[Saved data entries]

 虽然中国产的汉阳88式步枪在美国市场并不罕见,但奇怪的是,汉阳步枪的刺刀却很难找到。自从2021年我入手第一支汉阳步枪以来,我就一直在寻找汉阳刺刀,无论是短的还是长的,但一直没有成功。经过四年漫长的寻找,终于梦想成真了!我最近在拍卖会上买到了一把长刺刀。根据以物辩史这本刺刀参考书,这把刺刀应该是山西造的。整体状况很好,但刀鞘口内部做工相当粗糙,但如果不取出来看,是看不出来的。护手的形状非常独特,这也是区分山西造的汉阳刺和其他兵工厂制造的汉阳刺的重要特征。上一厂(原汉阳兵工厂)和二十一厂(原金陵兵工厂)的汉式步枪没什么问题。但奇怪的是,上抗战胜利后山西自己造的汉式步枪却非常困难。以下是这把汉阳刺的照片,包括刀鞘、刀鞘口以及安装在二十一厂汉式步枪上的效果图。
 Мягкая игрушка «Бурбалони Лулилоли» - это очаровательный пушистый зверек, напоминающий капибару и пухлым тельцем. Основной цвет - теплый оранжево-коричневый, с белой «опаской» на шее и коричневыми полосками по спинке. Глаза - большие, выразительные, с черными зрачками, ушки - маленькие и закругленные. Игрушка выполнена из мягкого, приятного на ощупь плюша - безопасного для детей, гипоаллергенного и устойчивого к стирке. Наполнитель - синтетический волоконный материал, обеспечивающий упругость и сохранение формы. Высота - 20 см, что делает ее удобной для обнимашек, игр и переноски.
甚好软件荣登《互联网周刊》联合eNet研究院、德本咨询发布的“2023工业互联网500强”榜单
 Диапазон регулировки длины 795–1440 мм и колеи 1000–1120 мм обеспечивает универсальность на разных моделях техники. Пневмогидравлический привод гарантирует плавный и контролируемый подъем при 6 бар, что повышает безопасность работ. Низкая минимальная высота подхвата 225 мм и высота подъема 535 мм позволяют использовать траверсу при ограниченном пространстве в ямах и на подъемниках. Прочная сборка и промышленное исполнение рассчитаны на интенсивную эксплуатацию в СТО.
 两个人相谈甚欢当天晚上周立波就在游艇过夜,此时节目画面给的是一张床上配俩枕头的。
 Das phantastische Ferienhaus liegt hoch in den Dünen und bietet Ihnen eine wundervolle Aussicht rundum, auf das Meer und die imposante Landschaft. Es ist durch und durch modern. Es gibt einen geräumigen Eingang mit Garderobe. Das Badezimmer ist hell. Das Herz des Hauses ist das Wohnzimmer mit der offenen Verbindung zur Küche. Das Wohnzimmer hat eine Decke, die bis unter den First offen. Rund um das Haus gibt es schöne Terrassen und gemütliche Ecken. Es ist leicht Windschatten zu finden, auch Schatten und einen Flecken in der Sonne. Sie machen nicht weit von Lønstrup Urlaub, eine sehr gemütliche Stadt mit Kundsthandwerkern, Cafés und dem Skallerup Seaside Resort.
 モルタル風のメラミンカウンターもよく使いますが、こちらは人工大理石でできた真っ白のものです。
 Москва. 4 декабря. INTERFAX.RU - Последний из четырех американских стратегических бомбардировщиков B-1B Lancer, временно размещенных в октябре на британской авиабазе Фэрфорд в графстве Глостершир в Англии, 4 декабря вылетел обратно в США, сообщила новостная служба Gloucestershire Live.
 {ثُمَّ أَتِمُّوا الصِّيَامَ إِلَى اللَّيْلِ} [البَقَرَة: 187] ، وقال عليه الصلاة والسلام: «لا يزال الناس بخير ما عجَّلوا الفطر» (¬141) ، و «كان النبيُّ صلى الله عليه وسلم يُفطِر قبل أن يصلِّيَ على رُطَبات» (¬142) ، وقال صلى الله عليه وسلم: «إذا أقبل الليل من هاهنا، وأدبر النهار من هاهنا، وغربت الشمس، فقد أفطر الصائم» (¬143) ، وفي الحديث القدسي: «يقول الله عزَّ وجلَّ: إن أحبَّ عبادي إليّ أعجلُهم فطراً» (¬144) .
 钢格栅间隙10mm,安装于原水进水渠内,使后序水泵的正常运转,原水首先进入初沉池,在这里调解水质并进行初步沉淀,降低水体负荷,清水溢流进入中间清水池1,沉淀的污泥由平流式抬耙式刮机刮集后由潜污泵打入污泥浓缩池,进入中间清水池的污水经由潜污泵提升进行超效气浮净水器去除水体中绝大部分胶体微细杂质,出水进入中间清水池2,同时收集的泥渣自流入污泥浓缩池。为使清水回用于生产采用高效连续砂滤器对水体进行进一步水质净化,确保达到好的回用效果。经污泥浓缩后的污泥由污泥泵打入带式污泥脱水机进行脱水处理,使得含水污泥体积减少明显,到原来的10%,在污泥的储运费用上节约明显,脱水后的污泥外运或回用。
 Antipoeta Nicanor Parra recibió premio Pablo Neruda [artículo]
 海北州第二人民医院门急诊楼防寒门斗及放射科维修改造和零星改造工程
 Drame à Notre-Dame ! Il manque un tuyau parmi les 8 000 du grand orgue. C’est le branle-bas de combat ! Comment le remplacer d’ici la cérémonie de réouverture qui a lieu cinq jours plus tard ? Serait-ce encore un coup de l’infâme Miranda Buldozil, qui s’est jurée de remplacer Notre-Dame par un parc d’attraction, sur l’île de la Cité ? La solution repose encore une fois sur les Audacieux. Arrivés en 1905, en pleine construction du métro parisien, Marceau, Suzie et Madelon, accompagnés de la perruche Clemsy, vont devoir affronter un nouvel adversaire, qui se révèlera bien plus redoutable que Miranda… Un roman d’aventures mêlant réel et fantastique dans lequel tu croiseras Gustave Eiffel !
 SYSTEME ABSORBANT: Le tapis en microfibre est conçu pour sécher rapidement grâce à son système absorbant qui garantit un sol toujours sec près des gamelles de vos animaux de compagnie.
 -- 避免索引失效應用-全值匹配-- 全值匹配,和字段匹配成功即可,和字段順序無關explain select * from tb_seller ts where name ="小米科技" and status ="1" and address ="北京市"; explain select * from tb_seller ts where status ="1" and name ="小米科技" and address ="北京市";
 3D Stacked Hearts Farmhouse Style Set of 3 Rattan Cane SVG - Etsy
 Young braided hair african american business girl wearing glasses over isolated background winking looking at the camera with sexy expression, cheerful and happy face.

Exercise. Please repeat each line from the one with "-- 避免索引失效應用-全值匹配-- 全值匹配,和字段匹配成功即可,和字段順序無關explain" through the last line of the data above, and add nothing.

Output.
 -- 避免索引失效應用-全值匹配-- 全值匹配,和字段匹配成功即可,和字段順序無關explain select * from tb_seller ts where name ="小米科技" and status ="1" and address ="北京市"; explain select * from tb_seller ts where status ="1" and name ="小米科技" and address ="北京市";
 3D Stacked Hearts Farmhouse Style Set of 3 Rattan Cane SVG - Etsy
 Young braided hair african american business girl wearing glasses over isolated background winking looking at the camera with sexy expression, cheerful and happy face.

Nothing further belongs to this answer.